Hi everyone, just wondering if anyone has had any experience with using organic potting soil/any type of soil as an aquarium substrate? It seems to be becoming more and more popular and I was thinking about giving it a go, but have heard it can really mess up your tank even when capped properly (not sure how though). Diana Walstad does sing some praises of using soil but I'm still not sure. 
Any info appreciated! 

Callum


----------



## Tim Harrison (4 Dec 2011)

Hi check out my contribution to this thread. http://ukaps.org/forum/viewtopic.php?f= ... 13#p191113  I hope this helps. If you want any further info don't hesitate to ask.


----------



## Callum (4 Dec 2011)

Awesome, thanks


----------



## Antipofish (20 Dec 2011)

Hey Callum I was in Fishey Business in Hailsham today and the manager there using regular potting compost topped with quartz gravel.  He swears by it.  Have no idea whether it works or not, but he seems convinced


----------



## Morgan Freeman (20 Dec 2011)

I've just started using it! Looking forward to the results.


----------



## Tom (21 Dec 2011)

I've used it before with great results in low tech


----------



## roadmaster (21 Dec 2011)

My expierience with soil is that once plant's are set,,it's best not to do a lot of moving the plant's about = muddy mess.


----------



## Antipofish (21 Dec 2011)

roadmaster said:
			
		

> My expierience with soil is that once plant's are set,,it's best not to do a lot of moving the plant's about = muddy mess.

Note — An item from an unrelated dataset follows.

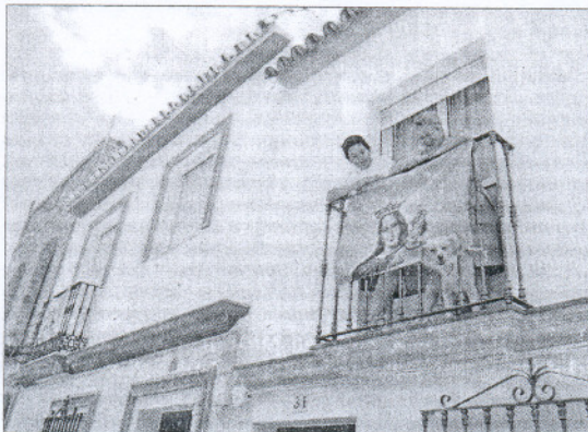
Una imagen de María Auxiliadora en Morón, el pasado mayo.

Good reason to do a planting plan in advance   Having said that, I am coming round to the notion of why bother with soil or fancy substrates at all.  If EI dosing and CO2 (esp in combo with something that has high CEC) provides all that is necessary, ....


----------



## Tim Harrison (21 Dec 2011)

> My expierience with soil is that once plant's are set,,it's best not to do a lot of moving the plant's about = muddy mess.



If you I use a gravel tidy or soil retainer you'd be surprised at how much moving around you can get away with. Gravel tidies are not that popular any more so I've improvised using plastic mesh marketed for greenhouse shading, but it's essentially the same material, and is available on Amazon http://www.amazon.co.uk/Gardman-Greenho ... 248&sr=8-2

Further check out my tutorial if you're not sure how it's used and for follow up to the quotes below. http://ukaps.org/forum/viewtopic.php?f=34&t=18943



> I was in Fishey Business in Hailsham today and the manager there using regular potting compost topped with quartz gravel. He swears by it. Have no idea whether it works or not, but he seems convinced



Guys it works better than you might imagine.

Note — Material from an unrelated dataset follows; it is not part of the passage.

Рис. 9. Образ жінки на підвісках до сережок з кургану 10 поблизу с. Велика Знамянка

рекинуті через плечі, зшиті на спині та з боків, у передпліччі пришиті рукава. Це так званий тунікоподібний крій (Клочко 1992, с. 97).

> Having said that, I am coming round to the notion of why bother with soil or fancy substrates at all. If EI dosing and CO2 (esp in combo with something that has high CEC) provides all that is necessary, ....



That's a good question. A proper organic soil infers all sorts of benefits to plant growth and general aquarium health whether you're using EI and CO2 or going completely low energy. It can be tailored to suite what you are trying to achieve. Plus it costs a fraction of some of the Gucci substrates available to aquarists. Plantbrain has left some comments that might be of interest.


----------



## BigTom (21 Dec 2011)

I'm a big fan of soil substrates, my big low tech soil-based tank has now been running a year with nice steady growth and not a hint of lagae.

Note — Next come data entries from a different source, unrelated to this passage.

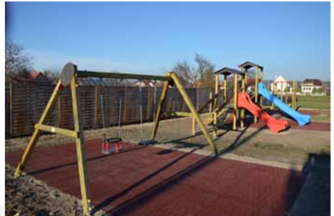
Az elkészült játszótér tavasszal kerül átadásra

nek eredményeként a 125 millió forintos beruházásból 118 millió forint uniós támogatást nyertünk el.
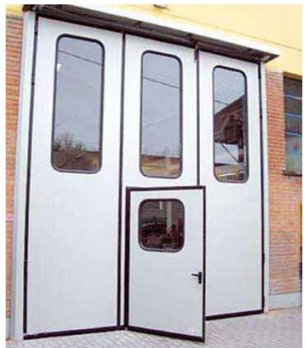
Versione del portone installato all'esterno
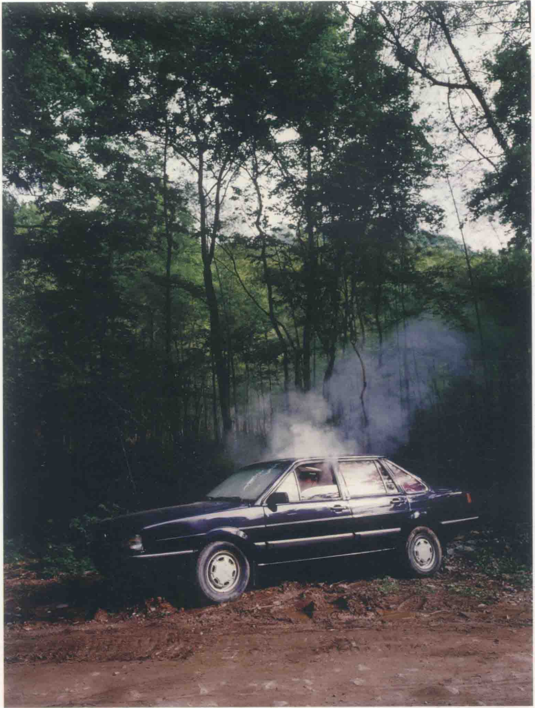
泥浆 | Mud No.1, 2006, 100cm×75cm, 收藏级艺术微喷 | Archival Inkjet Print

Great from an economy point of view as well, although I must admit to using ADA Aquasoil in my nanos as it's just a bit easier to work with and doesn't need capping.


----------



## Tim Harrison (22 Dec 2011)

> I'm a big fan of soil substrates, my big low tech soil-based tank has now been running a year with nice steady growth and not a hint of lagae.
> 
> Great from an economy point of view as well, although I must admit to using ADA Aquasoil in my nanos as it's just a bit easier to work with and doesn't need capping.



Hi it would be great to see some images of your tank.


----------



## BigTom (22 Dec 2011)

Its the 'bucket of mud ' journal thread Troi.


----------



## Tim Harrison (22 Dec 2011)

Of course it is, I didn't make the connection at first, but "wow" it's pretty special either way.


----------